# WHAT THE TASK ASKS:
Word for word, copy the line that contains "Hotel Invoice Template" and each line after it in the data below. Pictures stay out of the copy.

# INPUT DATA:
######

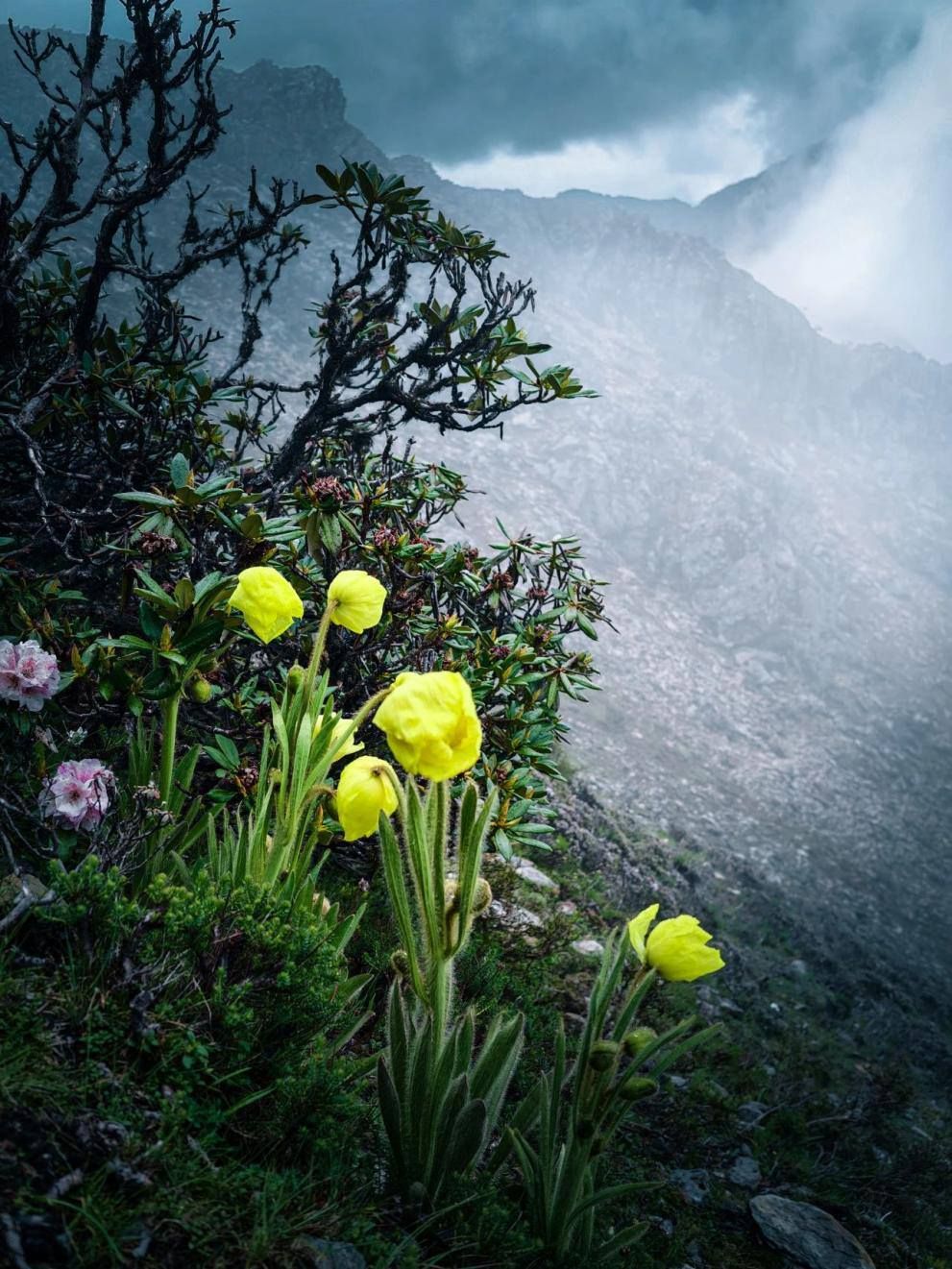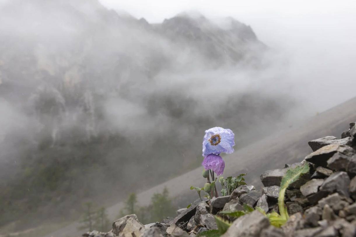 云南是全球生物多样性最丰富的地区之一,从热带雨林到高山草甸,从深谷溪流到喀斯特峰丛,多样的气候与复杂的地形如同天然的“生命实验室”,孕育出无数形态各异、习性独特的生物。就像在高山碎石中绽放的有着“高原美人”之称的绿绒蒿。这种植物偏爱海拔 3000 米以上的冷凉环境,花朵色彩艳丽得如同被阳光吻过——湛蓝如高原湖泊,紫艳似山间云霞,明黄像初升朝阳。轻薄如蝉翼的花瓣上布满细密纹路,在高原的强光照下能最大程度吸收光能,看似娇弱的外表下,藏着与极端环境对抗的智慧。
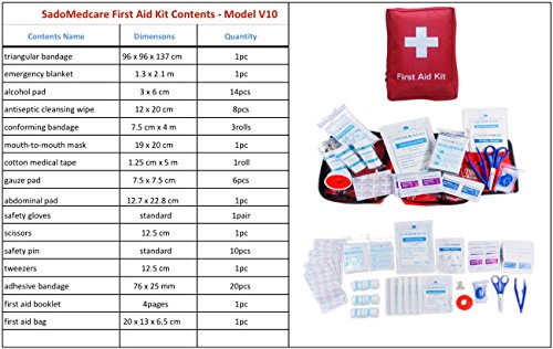 -. Title : SadoMedcare Classic All in One Complete First Aid Kit - 72 pieces Medical Kit, Travel Emergency Kit, Hiking First Aid Kit, Emergency Survival Go Bag, Size Small or Medium
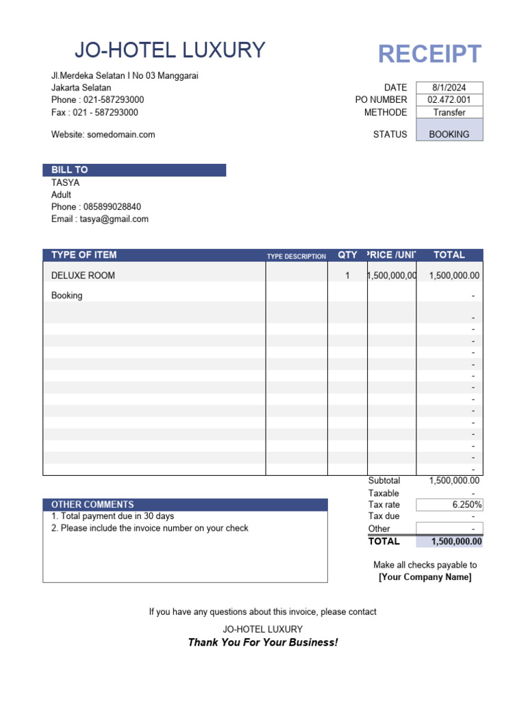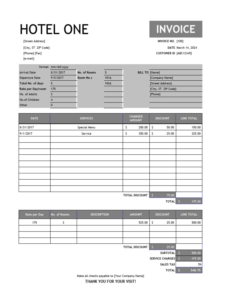 Hotel Invoice Template in Google Sheets Excel Download Template net
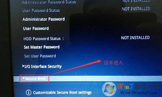 2、當電腦啟動時,立刻按鍵盤F2,你可以進入bios設(shè)置畫面,按→方向鍵移動到Security,選擇Secure Boot,然后回車進入把Secure Boot control選enabled改為disabled關(guān)閉安全啟動,然后按F10保存重啟;

######

# ANSWER TO THIS TASK:
 Hotel Invoice Template in Google Sheets Excel Download Template net
 2、當電腦啟動時,立刻按鍵盤F2,你可以進入bios設(shè)置畫面,按→方向鍵移動到Security,選擇Secure Boot,然后回車進入把Secure Boot control選enabled改為disabled關(guān)閉安全啟動,然后按F10保存重啟;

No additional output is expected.